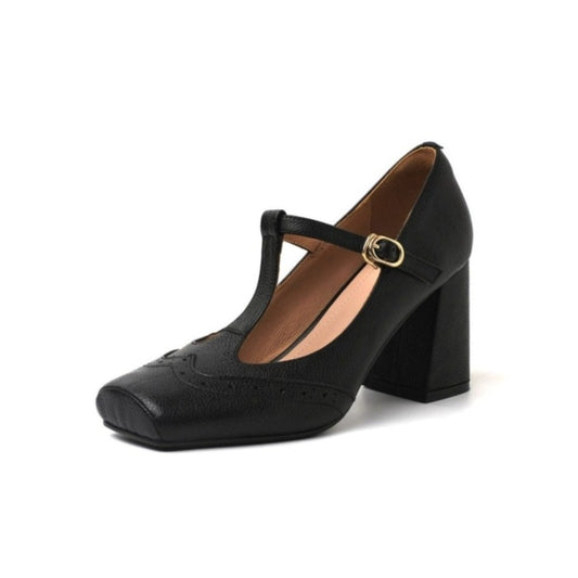 TinaCus Handmade Women's Genuine Leather T-Strap Buckle Square Toe High Block Heel Mary Janes Pumps Shoes
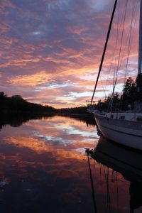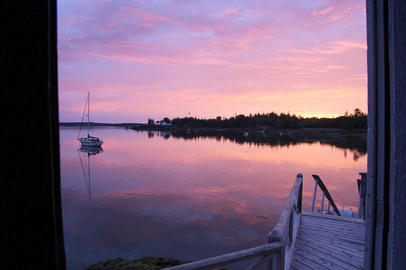 September is prime cruising weather, especially when the days begin and end with such lovely colors. Here are some from our very own Lynn Whitney! Above, sunrise on the Fox Island Thorofare taken through the boathouse doors. At right, sunset on Perry’s Creek. We’d love to see some from you as you are out and about in the waning, but beautiful, days of summer and early fall.
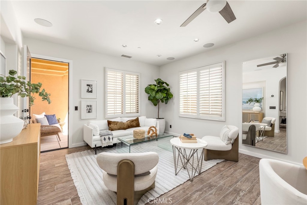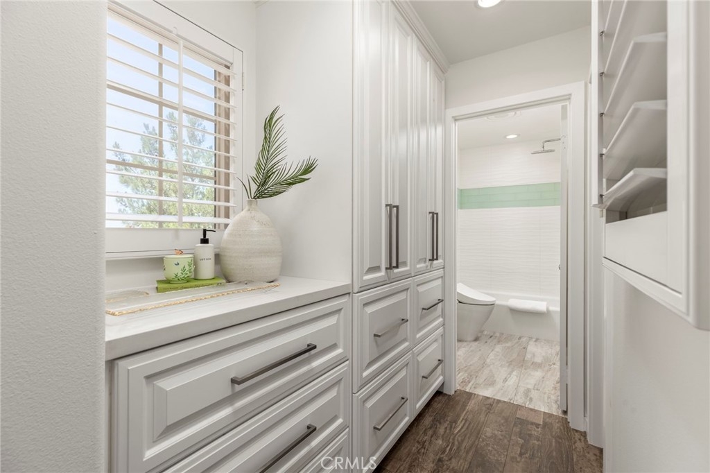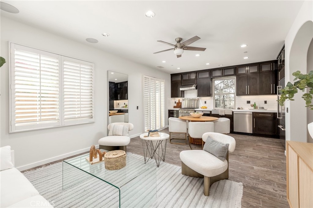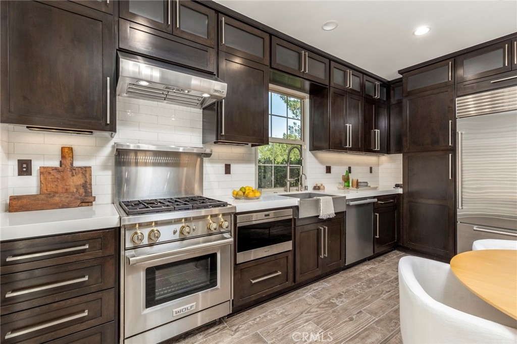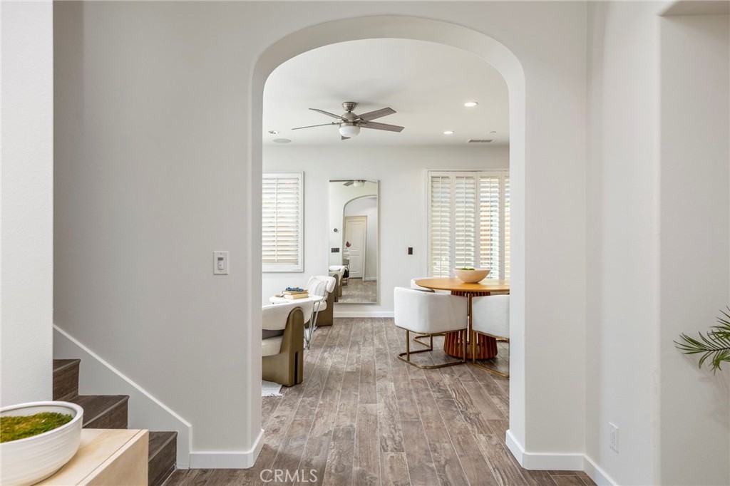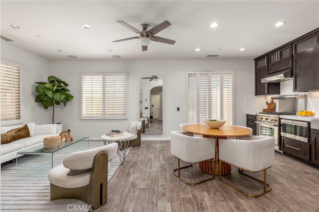 Spectacular Home..Nestled at the end of a serene cul-de-sac, 52 Scarlet Bloom is a stunning detached residence offering the perfect blend of modern convenience and natural tranquility. Surrounded by expansive views of pristine landscapes and open skies, this home is a true sanctuary that feels worlds away, yet remains wonderfully connected. Step inside to an open-concept floor plan bathed in natural light, where every detail has been thoughtfully curated. Elegant wood-grain tile flooring flows seamlessly through the main living areas, complemented by plantation shutters and recessed lighting that enhance the home’s timeless charm. The living room, with its adjacent outdoor spaces and built-in speakers, is an ideal hub for both quiet relaxation and lively entertaining. The chef’s kitchen is a showstopper, boasting custom espresso cabinetry with soft-close features, pull-out pantry drawers, and top-tier stainless steel appliances, including a built-in Sub-Zero refrigerator and Wolf range. Quartz countertops, a new subway tile backsplash, and a farmhouse sink overlooking uninterrupted nature views make this space as functional as it is beautiful. With effortless indoor-outdoor flow, the adjoining dining area is perfect for hosting al fresco dinners or casual brunches. Outside, two distinct entertaining areas invite you to savor the Southern California lifestyle. Whether you're enjoying a morning coffee on the private patio, playing on the low-maintenance artificial turf, or picking fresh citrus from your own backyard tree, this outdoor haven is designed for ultimate enjoyment. Retreat upstairs to the sunlit primary suite, a private oasis with multiple windows, plantation shutters, and a spacious walk-in closet. A separate dressing area with custom built-ins adds a touch of luxury, while recessed lighting and built-in speakers complete the tranquil ambiance. Additional features include new Berber carpet, epoxy-finished garage floors, and a Tesla charging station, ensuring modern ease meets everyday comfort. Situated in a peaceful, nature-rich setting, this home offers the rare combination of privacy, style, and convenience.
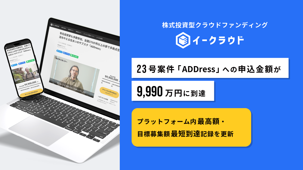 株式投資型クラウドファンディング「イークラウド」、23号案件「ADDress」への申込金額が9,990万円に到達
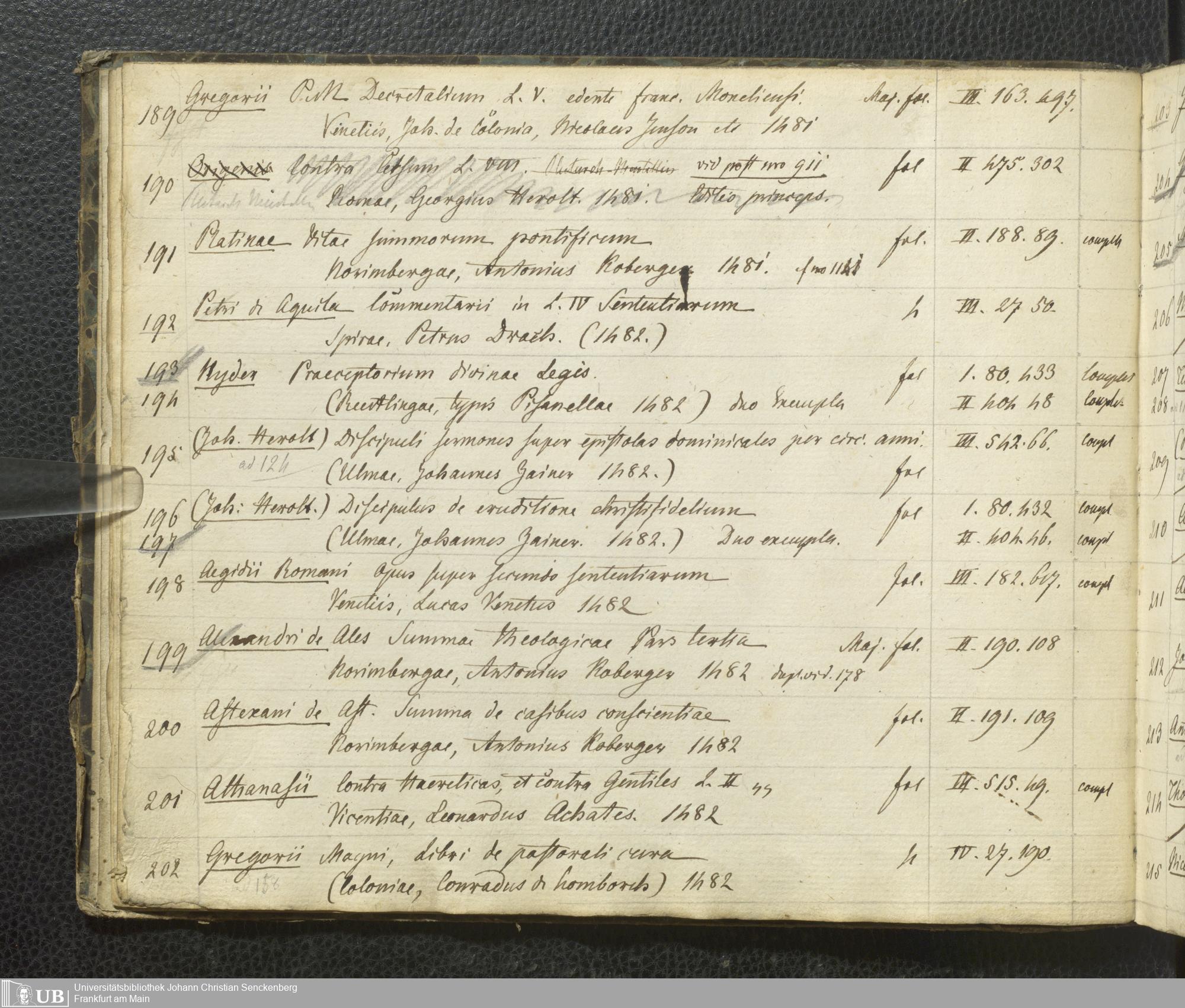 Ms. Ff. G. Kloß III.7 - Chronologisches Verzeichnis der Drucke 1468 - 1540
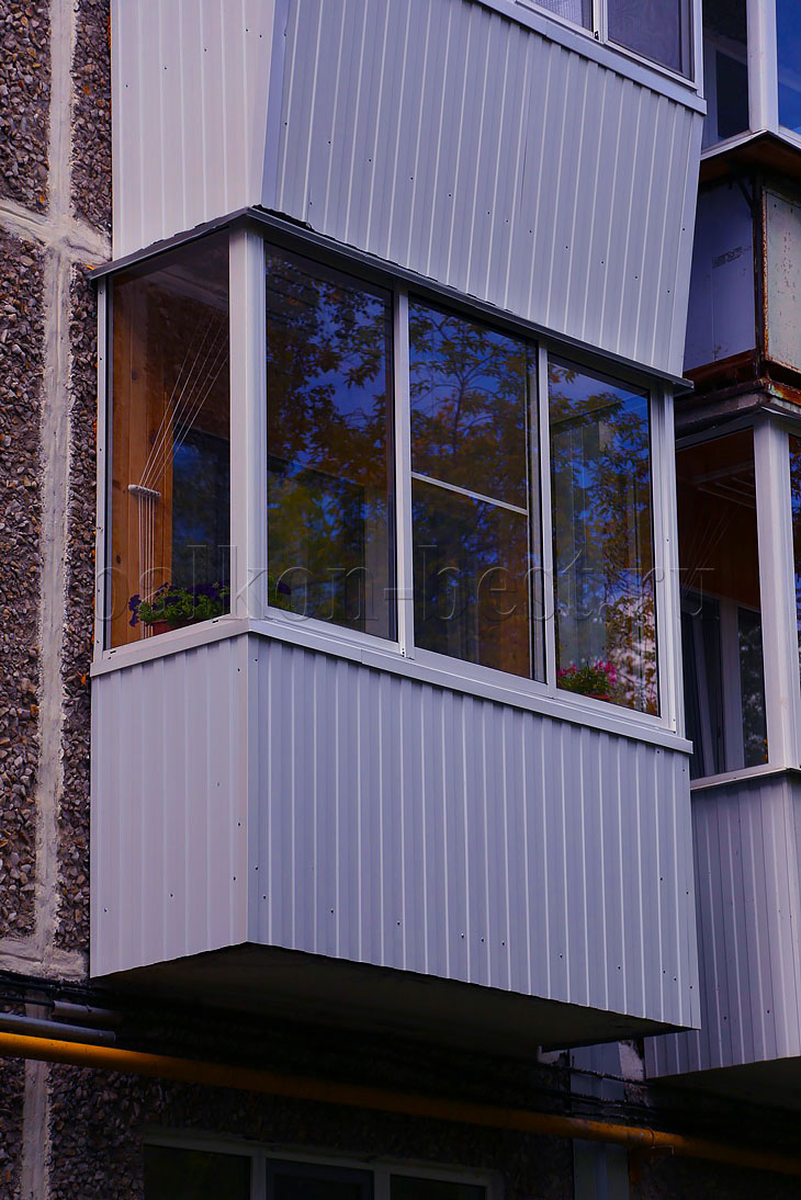 4. Остекление и внешняя отделка лоджии. Устанавливаются окна вместе с откосами и отливами. Обшивка может выполняться как до, так и после установки окон.
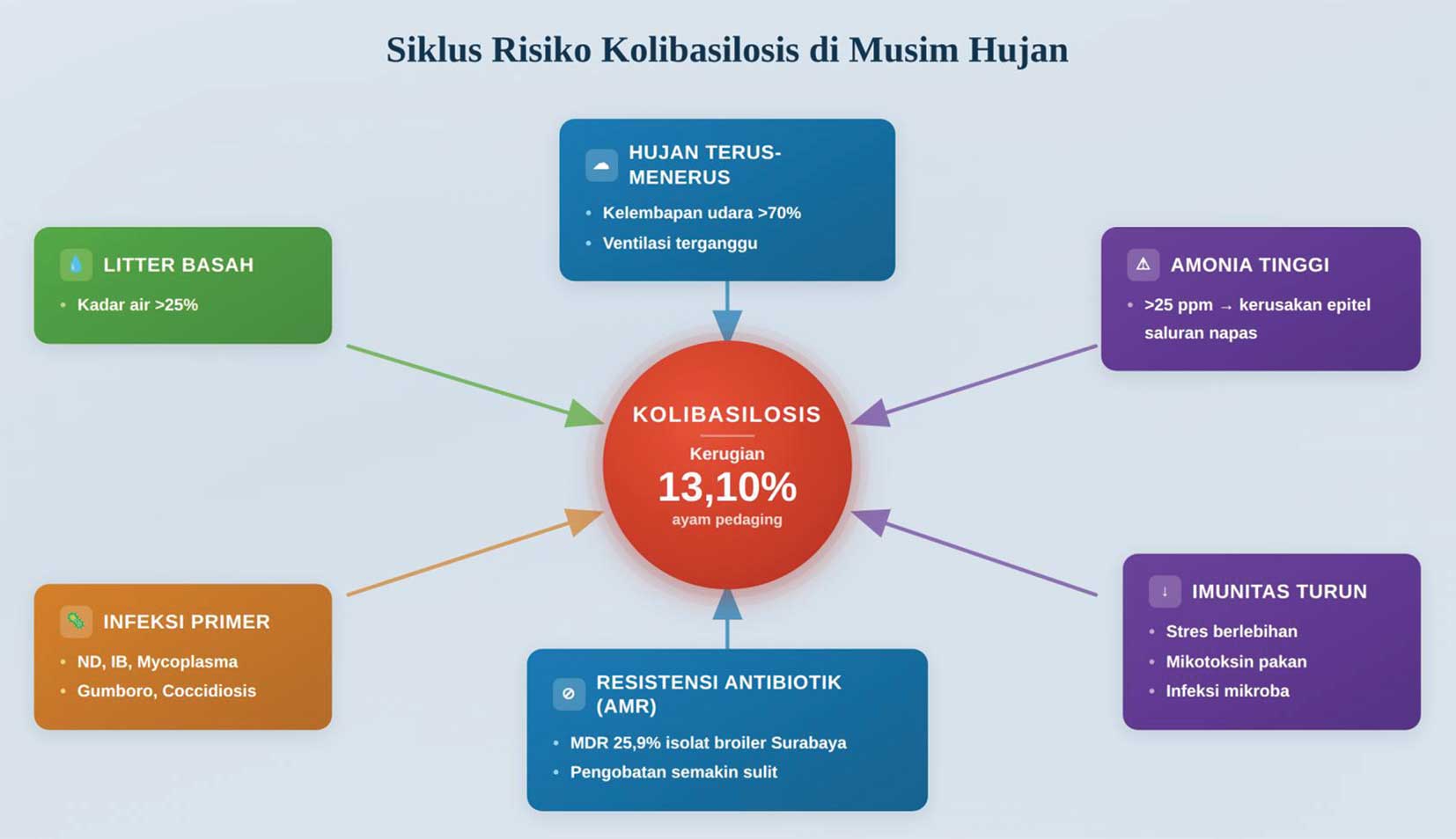This story is nothing new. In fact, because it occurs so frequently, colibacillosis is often regarded as an “ordinary” disease in the Indonesian poultry industry. However, research by Wibisono et al. (2018) shows that economic losses due to colibacillosis reach 13.10% of total national poultry assets—a highly significant figure.
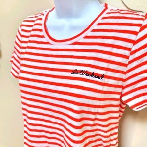 EUC J Crew sz Small S “Le Weekend" Chain-stitch Graphic Red Striped T-shirt NWT
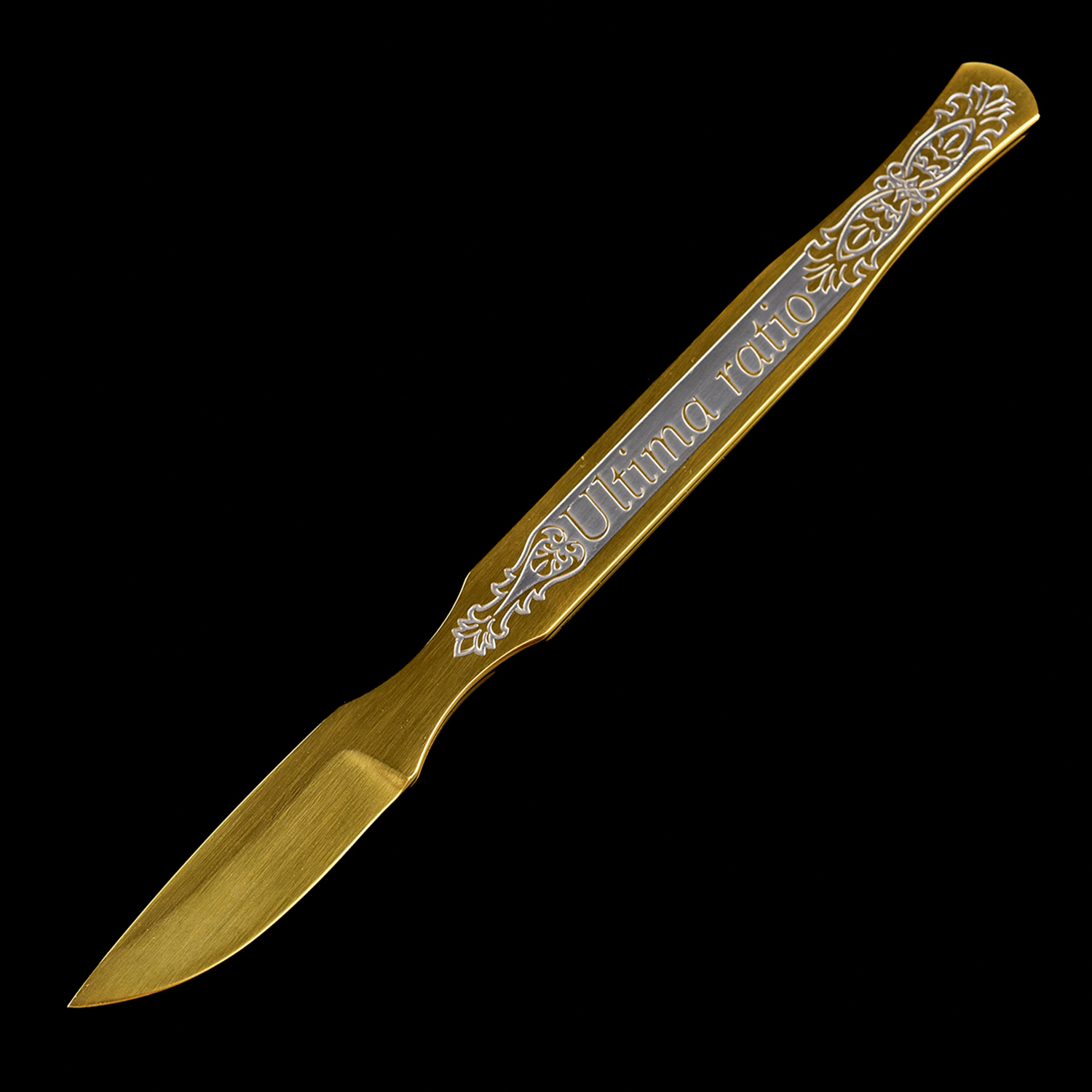 Скальпель сувенирный. Златоуст.Материалы: сталь, никель, золото 999,9*.
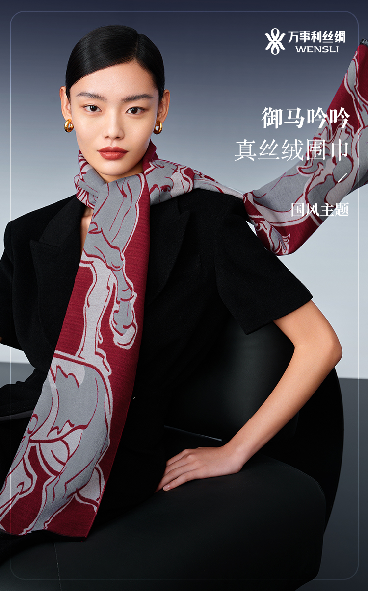 万事利丝绸 真丝绒围巾-御马吟吟
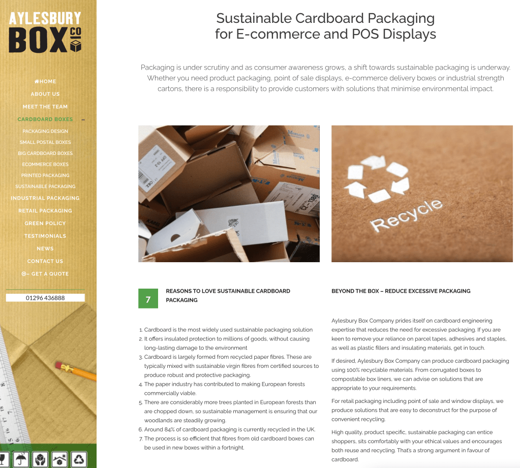 Luke Jamieson, director of Aylesbury box company has given me insight into the companies design process as it currently stands, and how they approach sustainability. Surprisingly, Jamieson stated that only 20% of clients request sustainable alternatives to packaging. One of the most interesting insights from our discussion is that the remaining 80% of customers are either unaware of the sustainable material and methods available, or simply haven’t considered or factored it into their requirements. In fact, due to Aylesbury box company making the conscious decision to use FSC certified paper/cardboard throughout the whole company (at a worthwhile additional cost – meaning this is also factored into the price the customers pay and is often higher priced than competitors), 80% of clients are choosing the sustainable option regardless. This tells me that given the option, clients will consider sustainable packaging alternatives.
+===+
> **TASK INSTRUCTIONS**:
The response must restate each line of the material above exactly and contain no images.

> **RESPONSE TO THE TASK**:
 TinaCus Handmade Women's Genuine Leather T-Strap Buckle Square Toe High Block Heel Mary Janes Pumps Shoes
 September is prime cruising weather, especially when the days begin and end with such lovely colors. Here are some from our very own Lynn Whitney! Above, sunrise on the Fox Island Thorofare taken through the boathouse doors. At right, sunset on Perry’s Creek. We’d love to see some from you as you are out and about in the waning, but beautiful, days of summer and early fall.
 Spectacular Home..Nestled at the end of a serene cul-de-sac, 52 Scarlet Bloom is a stunning detached residence offering the perfect blend of modern convenience and natural tranquility. Surrounded by expansive views of pristine landscapes and open skies, this home is a true sanctuary that feels worlds away, yet remains wonderfully connected. Step inside to an open-concept floor plan bathed in natural light, where every detail has been thoughtfully curated. Elegant wood-grain tile flooring flows seamlessly through the main living areas, complemented by plantation shutters and recessed lighting that enhance the home’s timeless charm. The living room, with its adjacent outdoor spaces and built-in speakers, is an ideal hub for both quiet relaxation and lively entertaining. The chef’s kitchen is a showstopper, boasting custom espresso cabinetry with soft-close features, pull-out pantry drawers, and top-tier stainless steel appliances, including a built-in Sub-Zero refrigerator and Wolf range. Quartz countertops, a new subway tile backsplash, and a farmhouse sink overlooking uninterrupted nature views make this space as functional as it is beautiful. With effortless indoor-outdoor flow, the adjoining dining area is perfect for hosting al fresco dinners or casual brunches. Outside, two distinct entertaining areas invite you to savor the Southern California lifestyle. Whether you're enjoying a morning coffee on the private patio, playing on the low-maintenance artificial turf, or picking fresh citrus from your own backyard tree, this outdoor haven is designed for ultimate enjoyment. Retreat upstairs to the sunlit primary suite, a private oasis with multiple windows, plantation shutters, and a spacious walk-in closet. A separate dressing area with custom built-ins adds a touch of luxury, while recessed lighting and built-in speakers complete the tranquil ambiance. Additional features include new Berber carpet, epoxy-finished garage floors, and a Tesla charging station, ensuring modern ease meets everyday comfort. Situated in a peaceful, nature-rich setting, this home offers the rare combination of privacy, style, and convenience.
 株式投資型クラウドファンディング「イークラウド」、23号案件「ADDress」への申込金額が9,990万円に到達
 Ms. Ff. G. Kloß III.7 - Chronologisches Verzeichnis der Drucke 1468 - 1540
 4. Остекление и внешняя отделка лоджии. Устанавливаются окна вместе с откосами и отливами. Обшивка может выполняться как до, так и после установки окон.
This story is nothing new. In fact, because it occurs so frequently, colibacillosis is often regarded as an “ordinary” disease in the Indonesian poultry industry. However, research by Wibisono et al. (2018) shows that economic losses due to colibacillosis reach 13.10% of total national poultry assets—a highly significant figure.
 EUC J Crew sz Small S “Le Weekend" Chain-stitch Graphic Red Striped T-shirt NWT
 Скальпель сувенирный. Златоуст.Материалы: сталь, никель, золото 999,9*.
 万事利丝绸 真丝绒围巾-御马吟吟
 Luke Jamieson, director of Aylesbury box company has given me insight into the companies design process as it currently stands, and how they approach sustainability. Surprisingly, Jamieson stated that only 20% of clients request sustainable alternatives to packaging. One of the most interesting insights from our discussion is that the remaining 80% of customers are either unaware of the sustainable material and methods available, or simply haven’t considered or factored it into their requirements. In fact, due to Aylesbury box company making the conscious decision to use FSC certified paper/cardboard throughout the whole company (at a worthwhile additional cost – meaning this is also factored into the price the customers pay and is often higher priced than competitors), 80% of clients are choosing the sustainable option regardless. This tells me that given the option, clients will consider sustainable packaging alternatives.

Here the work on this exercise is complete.